Requirement ::
Exactly and only the lines below from the one containing "Sheet nhạc có" down to the one containing "Women's Tank Top" are wanted, both included; please exclude every picture.

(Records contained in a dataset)
[Start of section]
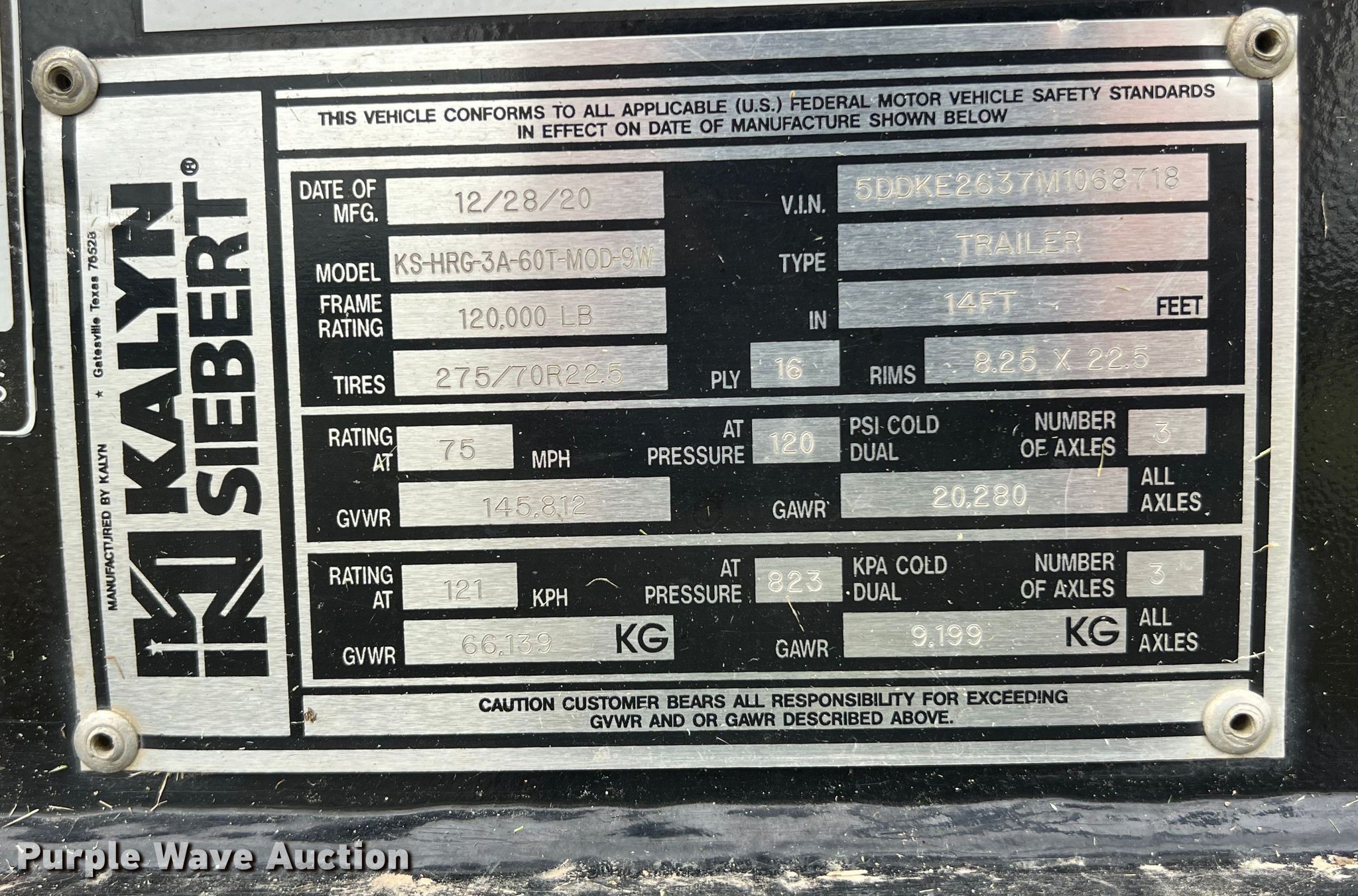 Purple Wave is selling a used Equip. Trailer in Texas. This item is a 2021 Kalyn Siebert KS-HRG-3A-60T-MOD-9W lowboy equipment trailer with the following: VIN: 5DDKE2637M1068718
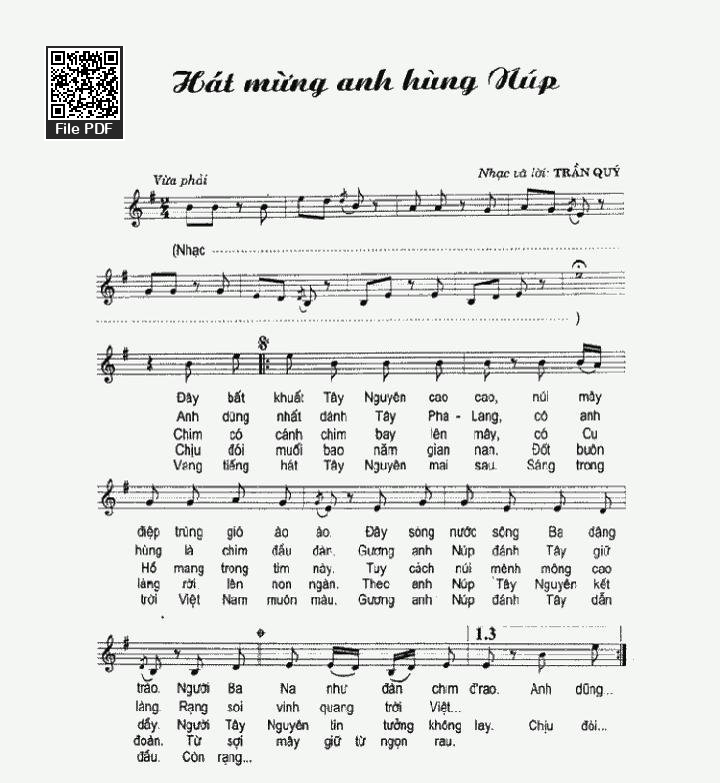 Sheet nhạc có nốt Hát Mừng Anh Hùng Núp của nhạc sĩ Trần Quý và file PDF nốt nhạc đăng lên đây nhằm giúp các bạn xướng âm cho đúng nốt và hát thêm hay, chỉ mang tính chất tham khảo, không có mục đích thương mại. Bản quyền thuộc về tác giả và tổ chức nắm bản quyền, Truongca.com không giữ bất kỳ bản quyền của nội dung nào cả. Các bạn có thể tải về bản PDF chất lượng cao, gồm khuông nhạc có nốt với đường link file PDF bên trên.
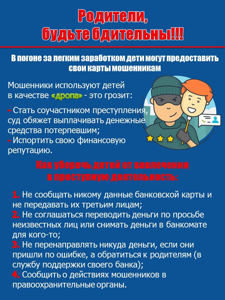 Будь бдительным! Никому не передавай свои личные данные и банковскую карту.
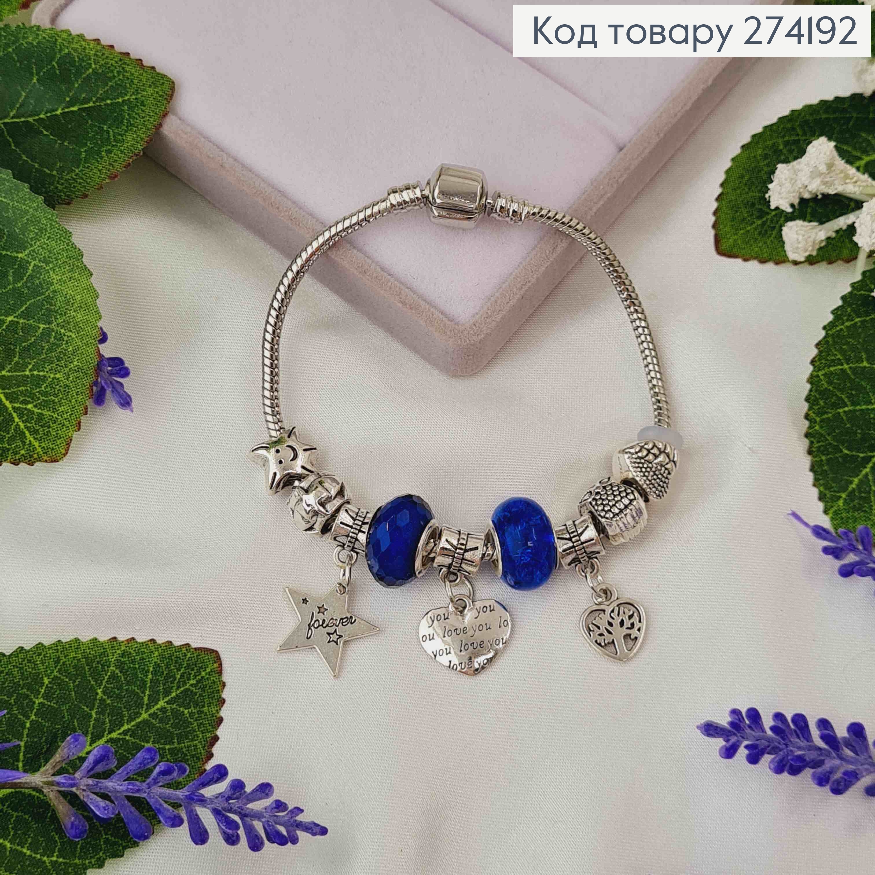 Браслет под Пандору 18см, серебряного цвета с синими шармиками.
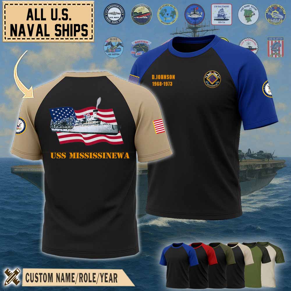 Show your pride with our USS Mississinewa (AO-144)_Raglan Tshirt honoring the service, sacrifice, and contributions. Wear the emblem with pride, symbolizing the unwavering dedication and integrity of the men and women who serve in this distinguished force.
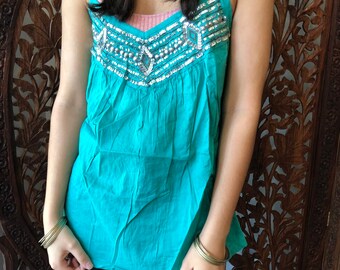 Women's Tank Top Blue sequence Work Blouse Sleeveless Boho Style Scoop Neck Summer Gypsy Tops M
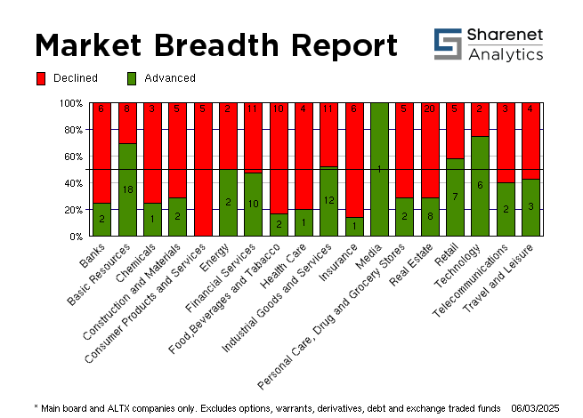 | | | Index Name | RP | Move | % Move | | FTSE/JSE Technology | 59,983.99 | 2941.23 | 5.16% | | SHARIAH TOP40 | 3,868.49 | 8 | 0.20% | | FTSE/JSE SHARIAH ALL | 4,614.83 | 17 | 0.38% | | FTSE JSE Fledgling | 9,821.85 | 11 | 0.12% | | LARGE CAP | 91,477.84 | 743 | 0.82% | | FTSE/JSE TOP 40 USD | 4,792.36 | 1295 | 37.03% | | FTSE/JSE Alt X | 526.23 | 1 | 0.23% | | FTSE/JSE AFRICA ALTX 15 | 195.32 | 2 | 0.87% | | SA LISTED PROPERTY | 374.50 | -4.52 | -1.19% | | CAPPED PROPERTY | 270.94 | | -1.02% | | RESOURCE | 35,983.21 | 526 | 1.48% | | DIVIDEND PLUS | 250.26 | 1 | 0.21% | | FTSE/JSE RAFI 40 | 16,069.01 | 162 | 1.02% | | FTSE/JSE RAFI ALLSHARE | 14,845.61 | 134 | 0.91% | | Capped Top 40 | 40,499.19 | 136 | 0.34% | | Capped All Share | 43,915.36 | 200 | 0.46% | | CAPPED INDUSTRIAL 25 | 121,785.27 | | 62.71% | | All Share Style Value | 462.17 | 0 | 0.00% | | All Share Style Growth | 1,252.02 | 0 | 0.00% | | JSE ALL PROPERTY | 9,328.74 | -95.74 | -1.02% | | ALL SHARE NET TRI | 88,260.08 | 543 | 0.62% | | JSE SWIX ALSI NET TRI | 16,663.10 | 102 | 0.62% | | FTSE/JSE Leisure Goods | 1,350.00 | 0 | 0.00% | | FTSE/JSE Retailers | 6,950.68 | -43 | -0.61% | | FTSE/JSE Tobacco | 9,303.07 | 4 | 0.04% |
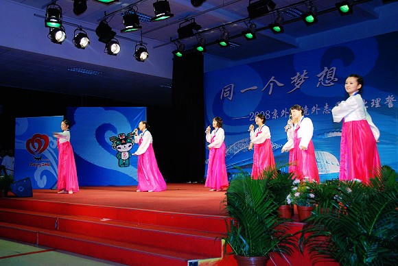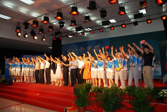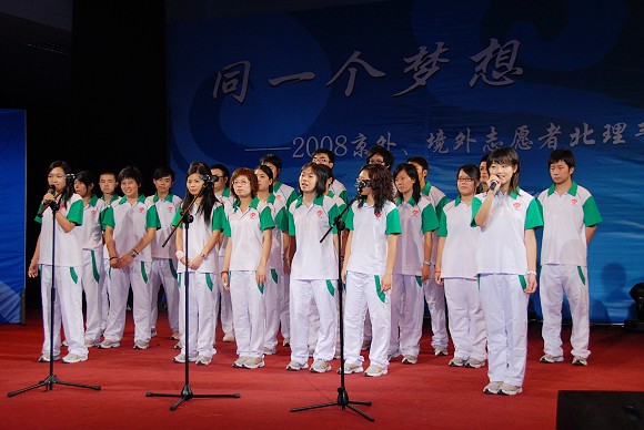 2008年8月6日晚7点,ob真人在新食堂四层多功能厅举办“同一个梦想——京外、境外志愿者誓师仪式暨联谊晚会”。来自港澳台侨的近120余名志愿者、来自江苏与吉林的160余名志愿者和ob真人的志愿者共计400余名观看参与了本次联谊晚会。
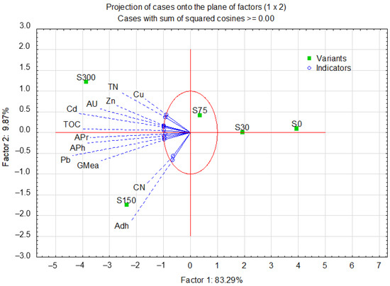 Biplot—combination of bivariate factor plot for EOM doses as cases (S0, S30, S150, S300) with bivariate factor plot for variables such as TOC, TN, C/N, Zn, Cu, Pb, Cd, Aph, AU, APr, ADh, GMea.
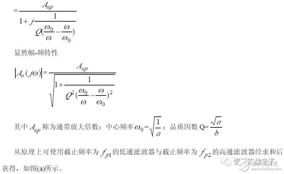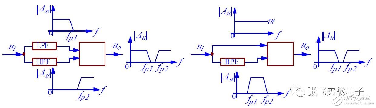 带通滤波器(BPF)的特征是通带内输出信号幅度与频率无关,而当f< fp1或f>fp2时输出信号很快衰减,幅频特性如图所示。
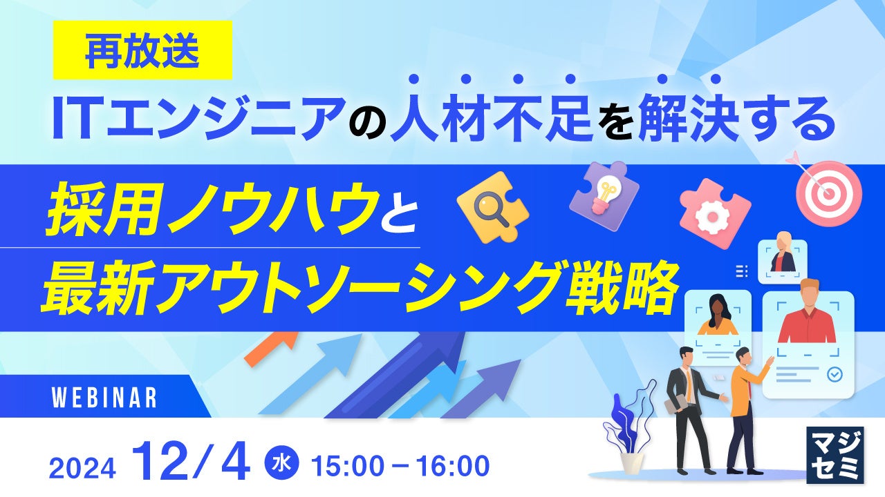 マジセミ株式会社は、大変好評をいただいた「【再放送】ITエンジニアの人材不足を解決する採用ノウハウと最新アウトソーシング戦略」というテーマのウェビナーを再放送します。
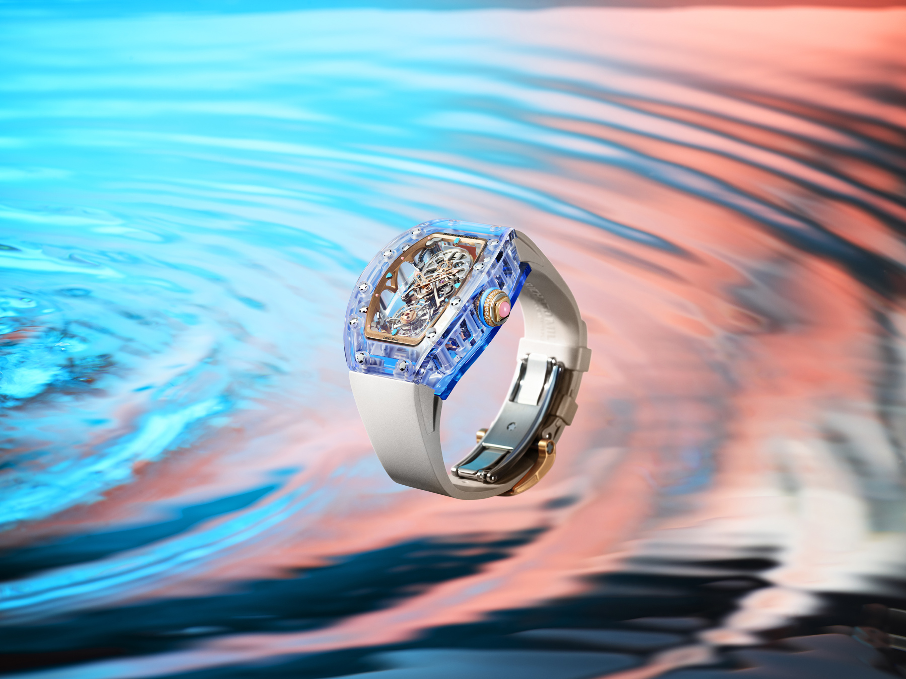 RM 75-01还推出了彩色蓝宝石水晶版本。彩色蓝宝石的工艺远比透明蓝宝石更为严苛,其原理在于晶体结构中融入金属氧化物,添加量须格外精准,它影响了彩色蓝宝石水晶的成色。
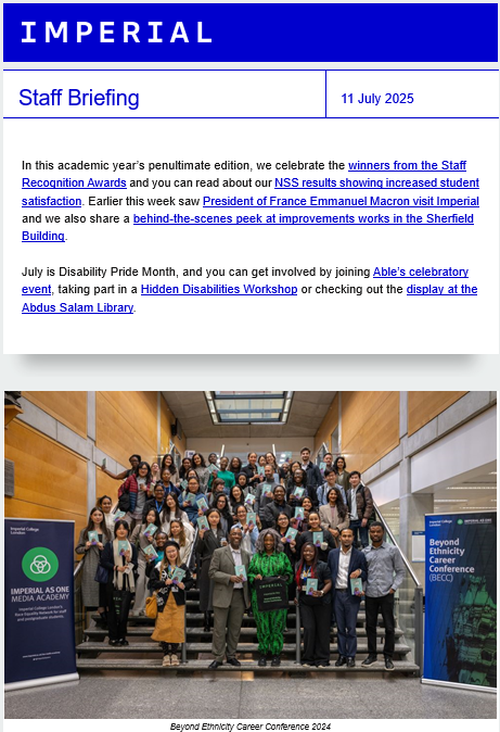 Staff Briefing is Imperial’s all-staff newsletter and is sent out fortnightly on a Friday. It is managed by the Internal Communications team, part of the Communications Division.
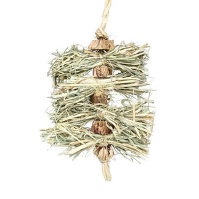 Four mini bunches of fresh Aussie-grown Foraging Grass with Mahogany Slices. Hanging on a sisal rope. Perfect for small birds that love to preen and nibble.
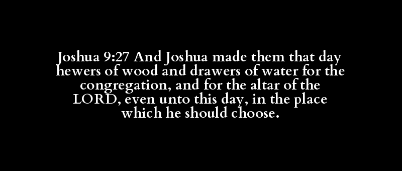 Joshua 9:27 And Joshua made them that day hewers of wood and drawers of water for the congregation, and for the altar of the LORD, even unto this day, in the place which he should choose.
[End of section]
Solution to this exercise ::
 Sheet nhạc có nốt Hát Mừng Anh Hùng Núp của nhạc sĩ Trần Quý và file PDF nốt nhạc đăng lên đây nhằm giúp các bạn xướng âm cho đúng nốt và hát thêm hay, chỉ mang tính chất tham khảo, không có mục đích thương mại. Bản quyền thuộc về tác giả và tổ chức nắm bản quyền, Truongca.com không giữ bất kỳ bản quyền của nội dung nào cả. Các bạn có thể tải về bản PDF chất lượng cao, gồm khuông nhạc có nốt với đường link file PDF bên trên.
 Будь бдительным! Никому не передавай свои личные данные и банковскую карту.
 Браслет под Пандору 18см, серебряного цвета с синими шармиками.
 Show your pride with our USS Mississinewa (AO-144)_Raglan Tshirt honoring the service, sacrifice, and contributions. Wear the emblem with pride, symbolizing the unwavering dedication and integrity of the men and women who serve in this distinguished force.
 Women's Tank Top Blue sequence Work Blouse Sleeveless Boho Style Scoop Neck Summer Gypsy Tops M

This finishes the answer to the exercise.